Yezidis express pain through art, performances in Duhok

Four years after the ISIS the genocidal atrocities at Mount Shingal, displaced Yezidis gathered in Duhok on Friday for a ceremony to share their experiences and explain their plight through art, film, and on-stage performances. 

The General Directorate of Martyr and Anfal Affairs in Duhok hosted the ceremony. 

"We see the genocide in Shingal and want to bring attention to the world of the plight of the Yezidis," Ahmed Mishexti, the director of the event and a coordinator within the Duhok Culture Ministry, told Rudaw English. 

"We believe that all people can live together peacefully in Kurdistan.” Yezidis offered several performances on stage including music by Tahseen Shingaly, a play showing how ISIS destroyed the Yezidi people in Shingal when they first arrived, the showing of a documentary film, and an additional musical performance by Mohammed Zaki. 

Several portraits were also put on display showing the Yezidis escape Mount Shingal.
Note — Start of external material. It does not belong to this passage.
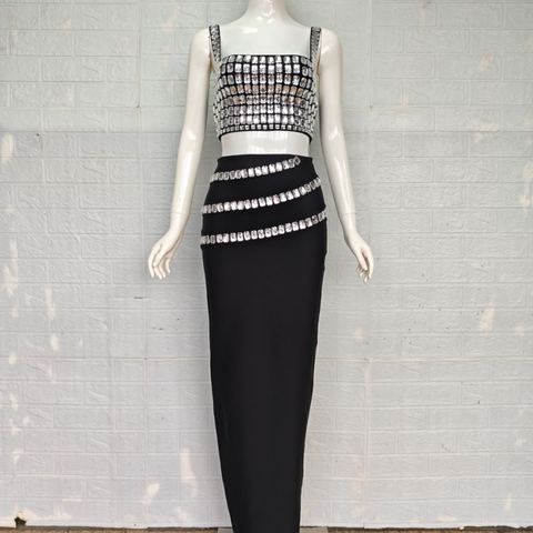 Ss2407 Hoge Kwaliteit Vrouwen Luxe Kristallen Bandage Outfits Mouwloze Crop Top En Lange Rokken Tweedelige Sets
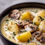 This comforting Mushroom Potato Soup is a creamy, flavorful vegan recipe perfect for warming up on chilly days. Made with sautéed mushrooms, tender potatoes, and a blend of herbs, this soup is smooth, nourishing, and easy to prepare in just 35 minutes. It uses plant-based milk and vegetable broth to keep it dairy-free and vegan-friendly.

A "living" stone monument used people painted as stone and standing on platforms for people to view. Several ISIS survivors were in attendance and spoke of their experiences. 

One Yezidi female, Aenas Khero, who is now a Peshmerga, was only 14 years old when she was captured from Shingal. She escaped after less than two months with ISIS but described in detail one of the many horrors she witnessed. 

She told Rudaw of a young baby which was crying and a member of ISIS asked the baby's mother why the baby was crying, and the mother said he needed milk. The ISIS member told her to give him the baby and he'd find milk. 

Instead, he beheaded the baby, cooked the baby and then forced the mother to eat her own child's flesh. Khero became Peshmerga when she was 15 years old. "I saw many women and girls captured and tortured by ISIS," she told Rudaw. "I became Peshmerga so that I can protect my people."